Why?So why Rustoleum? Well, on the internet you can find people who rolled it on, and the cars look pretty good. But most of all, you can get a quart for under $5 at any hardware store, whereas automotive paint can be 20-50 times that much.
I have a neighbor who has a paint shop in his garage, so I got to use his spray gun. You will need a spray gun and air compressor, but if you don't you can still try rolling on the paint.
Other thoughts:Throughout the project I kept telling myself, "self, if this works out...you'll have to do an Instructable on it," and it worked out, so this is my first instructable.
Note: I'm not liable for....anything. If you ruin your car, my condolences but remember, YOU did it.

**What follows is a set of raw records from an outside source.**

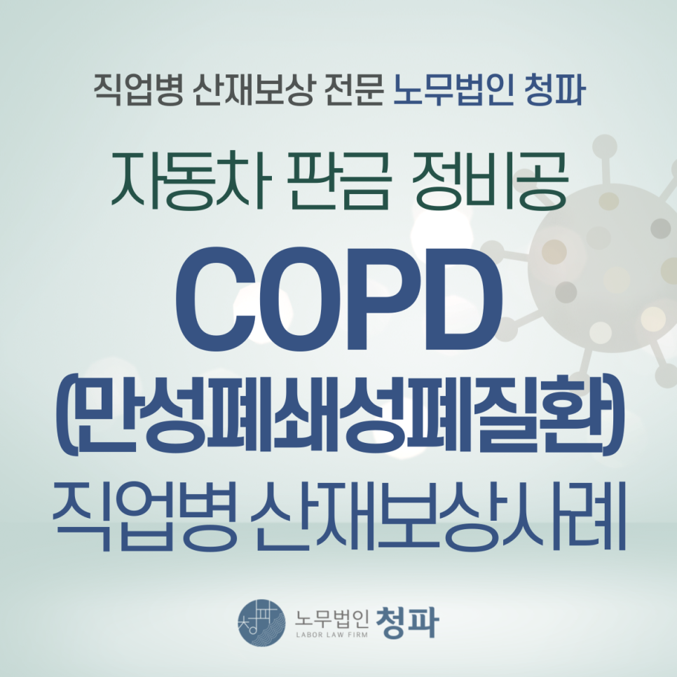 직업성 폐질환 자동차 정비공 만성폐쇄성폐질환(COPD) 상병보상연금 산재 승인 사례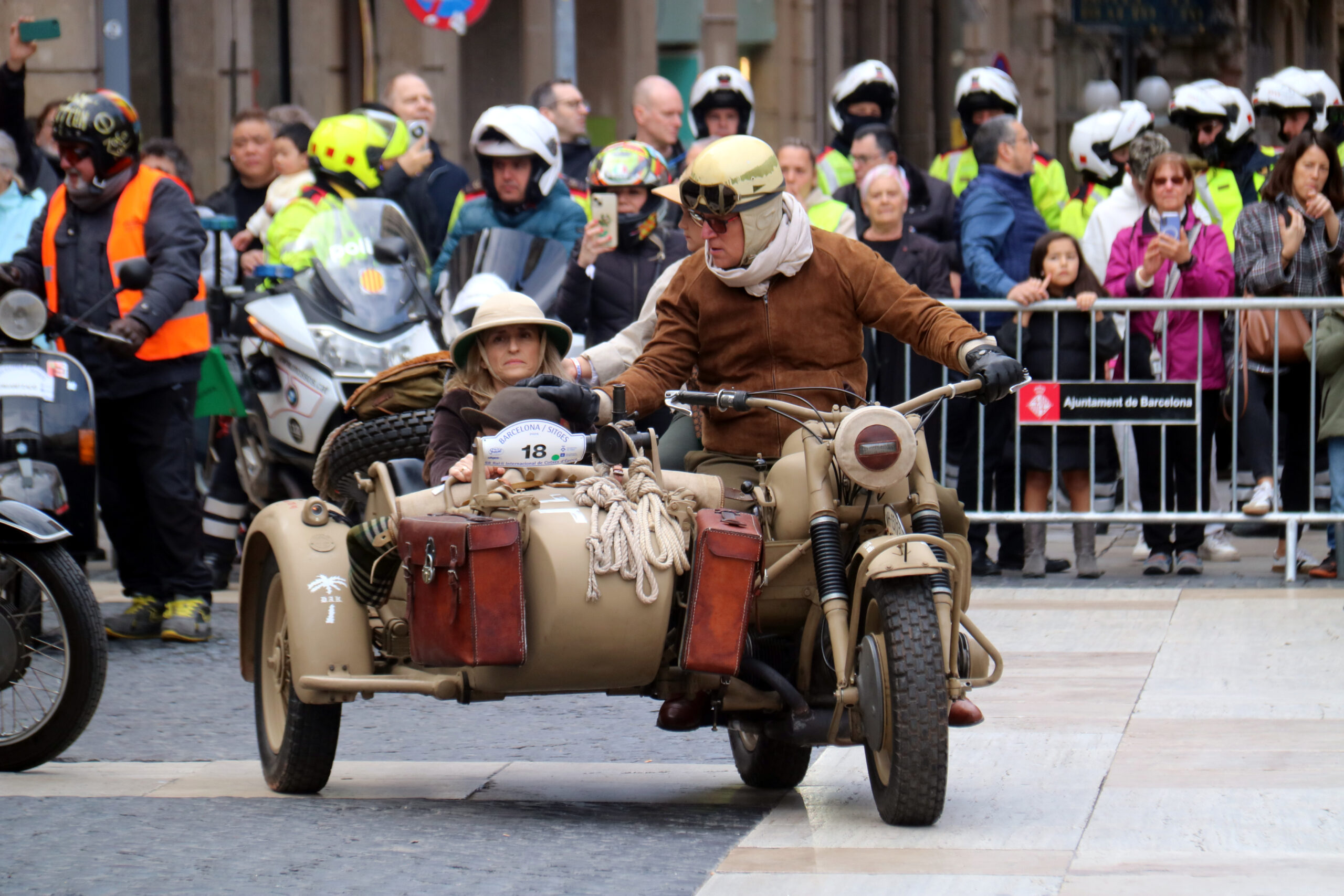 ACN Barcelona – La plaça Sant Jaume de Barcelona s’ha convertit aquest diumenge en un escenari dels inicis del segle XX amb la sortida del 68è Ral·li Internacional de Cotxes d’Època Barcelona-Sitges. Una setantena de cotxes i motocicletes fabricats abans del 1928 han participat en aquesta cita històrica, que cada any transforma el centre de la capital catalana en una postal viva del passat. Fidels a la tradició, conductors i passatgers han lluït indumentària d’època per recrear l’ambient social i estètic dels anys en què van ser construïts els vehicles. El fum característic i el so metàl·lic dels motors centenaris han atret l’atenció de veïns i curiosos, que s’han aturat per fotografiar unes peces que habitualment no poden circular per la ciutat.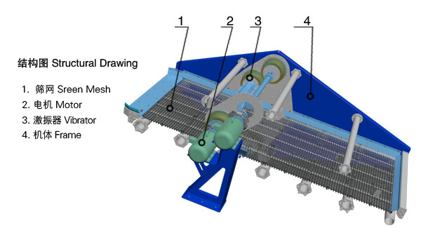 主要由篩箱、篩框、篩網、振動電機、電機臺座、減振彈簧、支架等組成。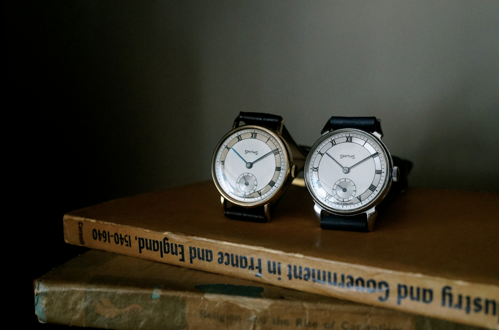 この3本はいずれも〈スミス〉が製造を手掛けた腕時計。第二次大戦後、純英国製腕時計の製造を開始したスミスは、数多くのJ.W.ベンソンのショップウォッチを手掛けることになりましたが、このローマン・インデックスを基調とした文字盤は、元はスミスが用いていたデザインに源流を見出すことができます。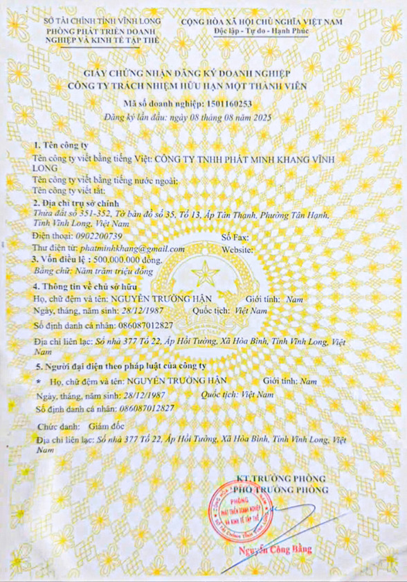 CÔNG TY TNHH PHÁT MINH KHANG VĨNH LONG

However you probably won't ruin your car unless you try.
Step 1: Preparation
First, you'll need some items:
- A car you're willing to ruin the paint job on
- 2-4 quarts (depending on size of car) of gloss Rustoleum - color of your choice
- 4 or more cans of Rustoleum auto primer spray paint
- 1 quart of acetone
- 1 can of Bondo (optional)
- Sand paper - 120, 400, 800 grit (or the closest you can get)
- Mixing can/bottle/whatever
- Stir stick
- Masking tape and paper
- 4" super-fine foam paint roller (optional)

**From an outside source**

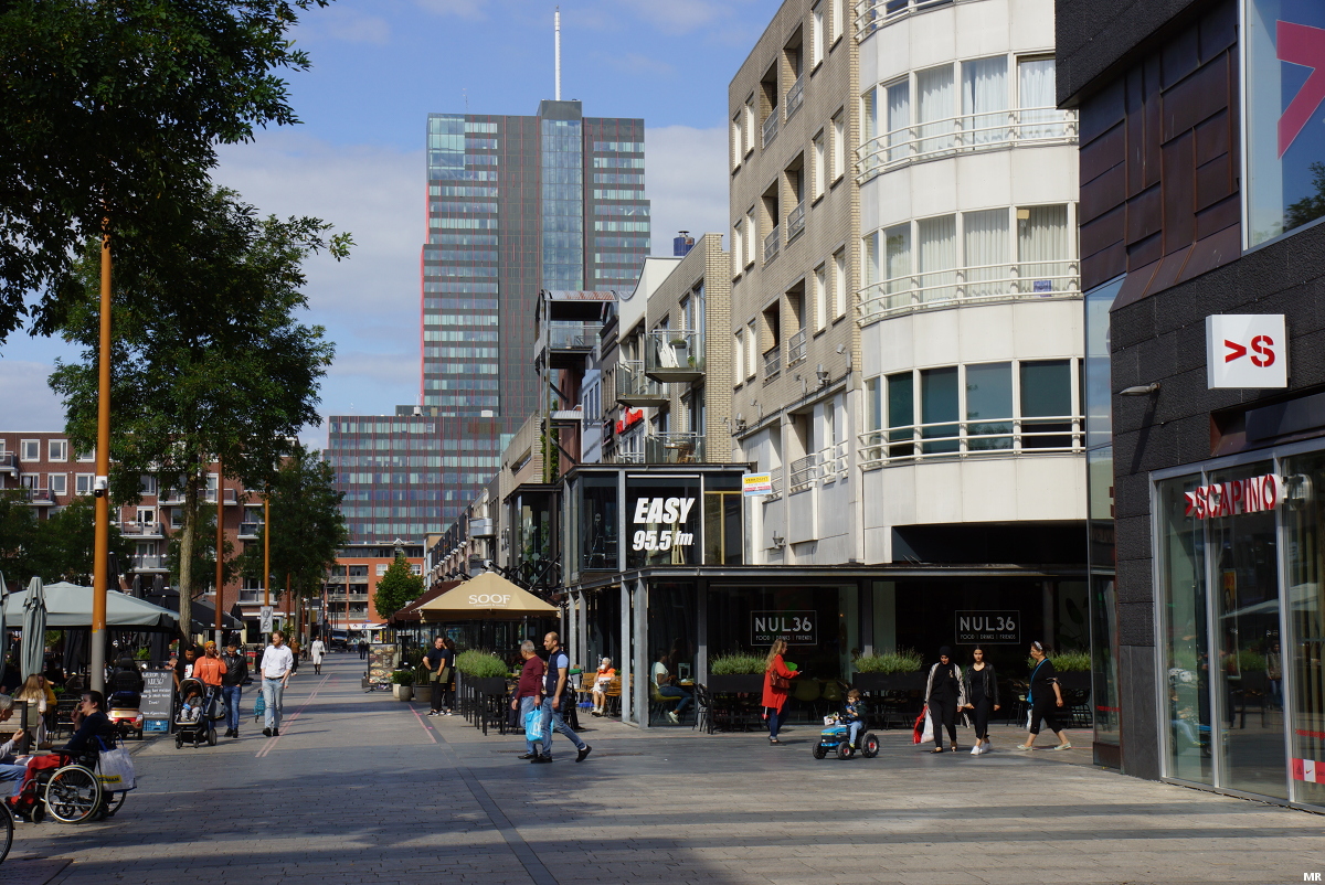6. De Stationsstraat met op de achtergrond kantoorgebouw Martinez.

- Spray gun - bigger nozzle seems to work better
- Air compressor - big enough for the spray gun's requirements
- Dry, well-ventilated area to paint in
- A bunch of misc. tools - these may include screw drivers, ratchet sets, allen wrenches, a can of liquid wrench
- 2 gallons of diligence
It's also a good idear to handle any bodywork your car needs. If you don't want to do this, get a professional to do it but see if you can have him skip painting it to save money. However, for small dents Bondo (or any number of superior, more expensive fillers) is really quite easy to use. I had to replace a destroyed fender and bondo a big dent on the hood before painting, but it was a lot easier than you'd think.